I'm simply astounded by Morisaki Yuki's endless creativity in formulating most if not all of Shokugeki no Souma's recipes. You know that ice breaker? Not commonly used albeit but, 'Who would you invite to a dinner party, dead or alive?'. This woman shatters my list and I would love to serve her a slice of cake and listen to her in utter rapture about her knowledge of food and her creativity (afterwards, I would beg her to pass on her skills, of course). Discovering someone like her, gives me additional incentive to really inhale Japanese so that I can understand the nuance of the language without it being bastardised with Google Translate.

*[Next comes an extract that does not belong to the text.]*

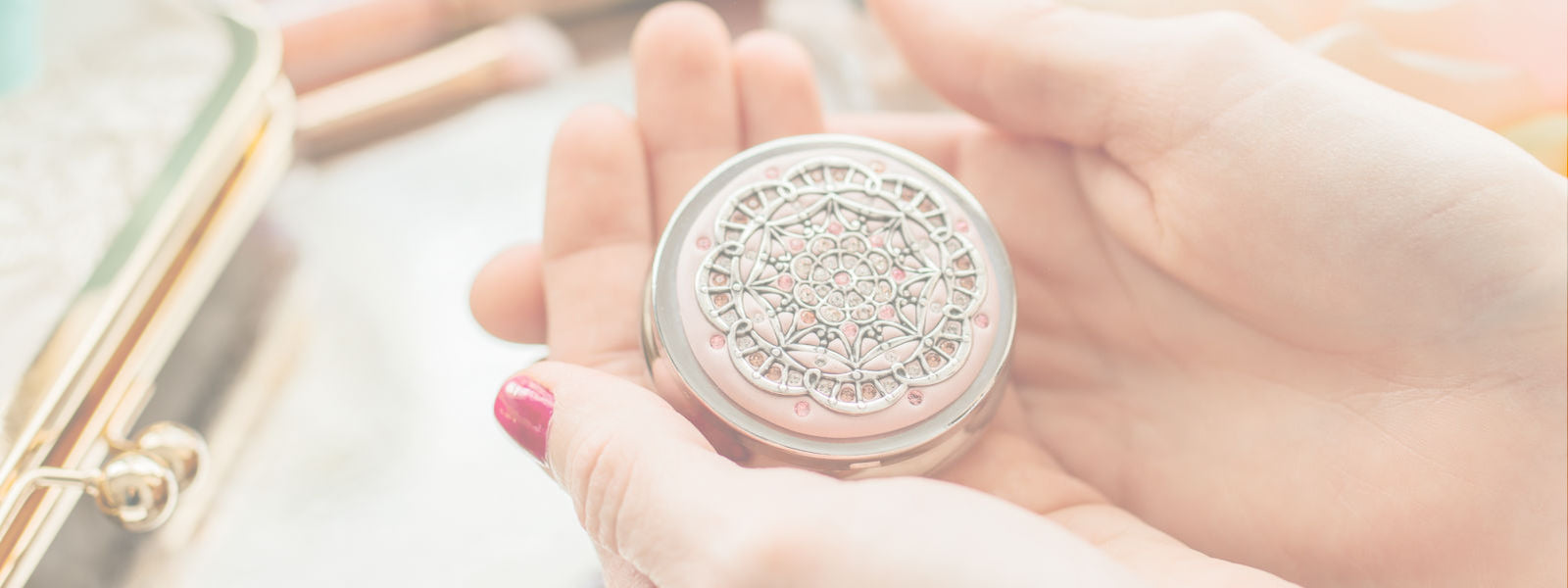 Description: This beautiful handmade compact features two regular mirrors inside. The top is embellished with...

She creates two gems in this mini arc, an entirely vegan ramen if you could believe it, not only is it that, but it's so incredible simple and mouthwatering delicious, seriously.. I am salivating at the mere memory of it. An apple risotto. This is ah! Indescribable. The flavour itself isn't sweet, I believe it is meant to be consumed as a savoury dish which sent my tastebuds for a tailspin. Refreshing and rejuvenating.. curious. And as addressed in the anime, it is not filling so have it as a very indulgent side to your lunch! It is most certainly unique, however, And why not? The total cost for the recipe isn't much and if you're having that dinner party, why not make it to inflict gobsmacked wonder onto your friends?
Dice onion finely, apples into 1cm cubes, mince parsley and shave parmesan
Saute onions with 1 tblsp butter until translucent.

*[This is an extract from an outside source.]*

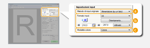 Specificare il metodo input del documento (vetro di lettura o alimentatore), dimensione del documento, modalità colore e altre impostazioni.

Add rice and toast for 1 minute
Add ¼ cup wine and cook for 2 minutes until alcohol evaporates
Add apple juice 1/3 cup at a time, stirring until the liquid is absorbed by the rice before the next addition of liquid. Continue until all the apple juice is added, approximately 15 minutes.
Stir in parmesan, diced apples and 1 tsp lemon juice, season with salt. Serve with bacon, parsley and cracked pepper.
Now, purely for aesthetics, and to confuse even more flavour confusion, make candied apples!
Reduce a liquid made of apple juice, cinnamon and sugar. Cook sliced apples until it becomes syrupy
Yukihira Souma's Apple Risotto Recipe
½ cup arborio rice
2 cups apple juice (fresh is always most preferred of course)
1 tblsp butter
¼ cup white wine
1 tsp lemon juice
salt, black pepper, parmesan, bacon, parsley
- Finely dice onion, dice apple into 1cm cubes, shave parmesan and mince parsley.
- Melt 1 tblsp of butter in a pan and saute onion until translucent
- Add rice and toast for 1 minute
- Add 1/4 cup of wine and cook until alcohol evaporates
- Add apple juice 1/3 cup at a time, stirring occasionally until the liquid is absorbed by the rice before adding the next addition. Continue until all the apple juice is added, approximately 15 minutes
- Stir in parmesan, diced apples and 1 tsp of lemon juice. Season with salt and serve with bacon, cracked black pepper and parsley.
- To make candied apples, reduce sliced apples in a liquid of apple juice, sugar and cinnamon
- Enjoy this rejuvenating and refreshing take on a risotto!